GIVEN DATA:
────────
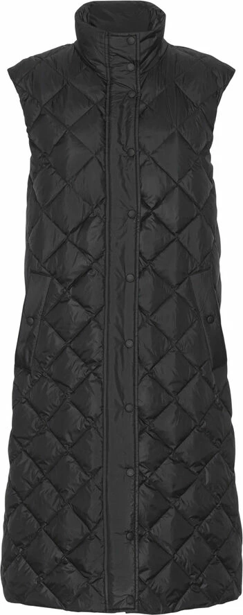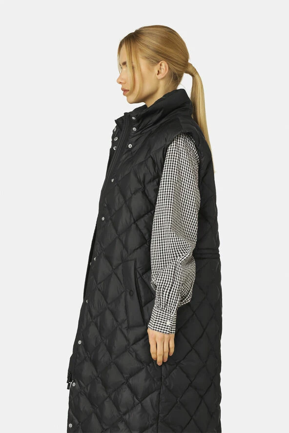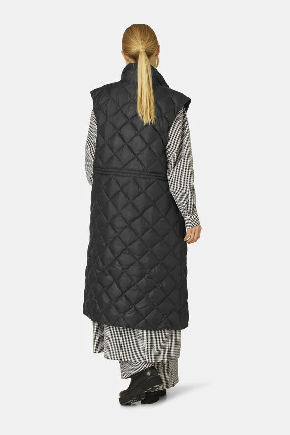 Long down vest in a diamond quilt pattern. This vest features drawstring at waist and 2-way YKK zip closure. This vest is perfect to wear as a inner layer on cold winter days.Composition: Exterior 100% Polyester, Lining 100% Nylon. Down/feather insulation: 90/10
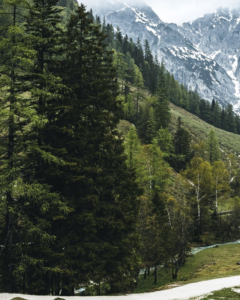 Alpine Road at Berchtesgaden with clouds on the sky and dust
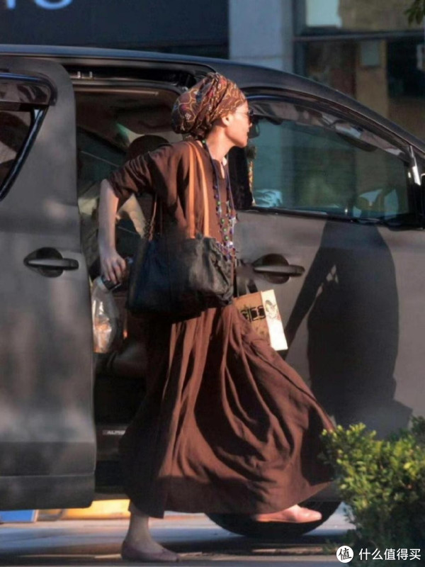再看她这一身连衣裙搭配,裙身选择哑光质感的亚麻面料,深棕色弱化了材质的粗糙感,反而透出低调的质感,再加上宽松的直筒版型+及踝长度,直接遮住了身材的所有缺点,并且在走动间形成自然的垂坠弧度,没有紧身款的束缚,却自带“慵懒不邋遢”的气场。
────────
EXERCISE INSTRUCTIONS: Transcribe every line of the data exactly. No pictures go in the copy.

ANSWER SECTION:
 Long down vest in a diamond quilt pattern. This vest features drawstring at waist and 2-way YKK zip closure. This vest is perfect to wear as a inner layer on cold winter days.Composition: Exterior 100% Polyester, Lining 100% Nylon. Down/feather insulation: 90/10
 Alpine Road at Berchtesgaden with clouds on the sky and dust
再看她这一身连衣裙搭配,裙身选择哑光质感的亚麻面料,深棕色弱化了材质的粗糙感,反而透出低调的质感,再加上宽松的直筒版型+及踝长度,直接遮住了身材的所有缺点,并且在走动间形成自然的垂坠弧度,没有紧身款的束缚,却自带“慵懒不邋遢”的气场。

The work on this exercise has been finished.